Hanya saja hujan tidak bisa bernafas seperti halnya manusia. Ia bahkan tidak bisa memilih takdirnya sendiri kala jatuh pada pelukan bumi. Kaukah itu hujan. Malam ini kau seperti halnya daku. Tidak bisa memilih takdirnya sendiri kepada siapa aku harus marah. Aku marah kepada siapa pun. Aku yang tak bisa marah dengan marah. Aku marah dengan enggan berbicara. Menyukai keindahan bait sastra Gibran nan mudah tersulut emosi.
Amarah tak dapat diturunkan melalui butir-butir hujan. Aku terisak menuju kebinasaan diri. Siapa sesungguhnya yang merasa mampu mengenali dirinya. Kau yang butuh sesuap sepi untuk menggubah story media. Keindahan alam yang kau cari, lalu kau bakar ladang dan hutan. Kau yang sebut negeri ini agraris, tapi rasa jijik untuk menjadi-melihat-bergaul bersama petani. Kau yang banggakan kekayaan alam, limbah kantormu kotori bumi. Bahkan tak dapat dibedakan mana sampah dan mana seekor manusia.
Kau sebut agama, namun seekor manusia menyirami tanaman dengan darah dan air mata. Sebuah manusia membawa mobil seekor diri ditengah hiruk pikuk kemacetan jalan. Seekor manusia mengaku beriman memamerkan istri barunya dan bersedekah kepada yatim piatu bersama awak media. Bahkan daku malu menyebut diriku ‘seorang’! sebuah-seekor manusia layaknya daku bahkan menunjukkan makhluk penyembah kebendaan, yang serakah.
Hujan. Apakah semenjak Nabi Adam kandungan airmu selalu sama. Ah, apakah alam tetap pada konservatif. Mengapa tidak kau bedakan kandungannya pada setiap wilayah. Sisipkan sedikit air yang mengandung pupuk berikut pembasmi hamanya agar petani miskin tak perlu menghabiskan modalnya.

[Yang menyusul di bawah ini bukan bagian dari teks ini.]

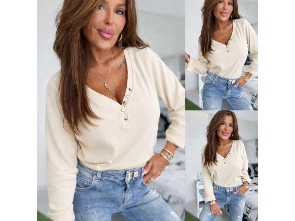 - slabší triko s dlouhým rukávem, s ozdobnými knoflíčky
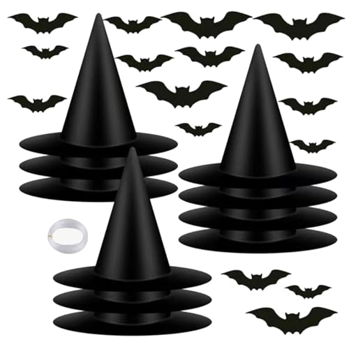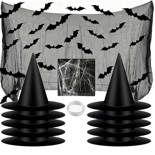 Witches Hat,12-Piece Costume Accessories with Bats - Black Witches Hat Party Props - for Indoor Outdoor Haunted House Wall Window Front Door Garden Yard Patio Porch

Hujan. Posisimu berada lebih dekat dengan Tuhan. Bungkuslah makanan-makanan surga-Nya dengan lapisan air. Agar si yatim dan piatu bisa makan buah pada musim hujan. Bungkus pula batang-batang emas surga-Nya dengan lapisan air. Agar si Bapak mampu membayar bunga rentenir yang kian mencekik guna keperluan pendidikan anaknya.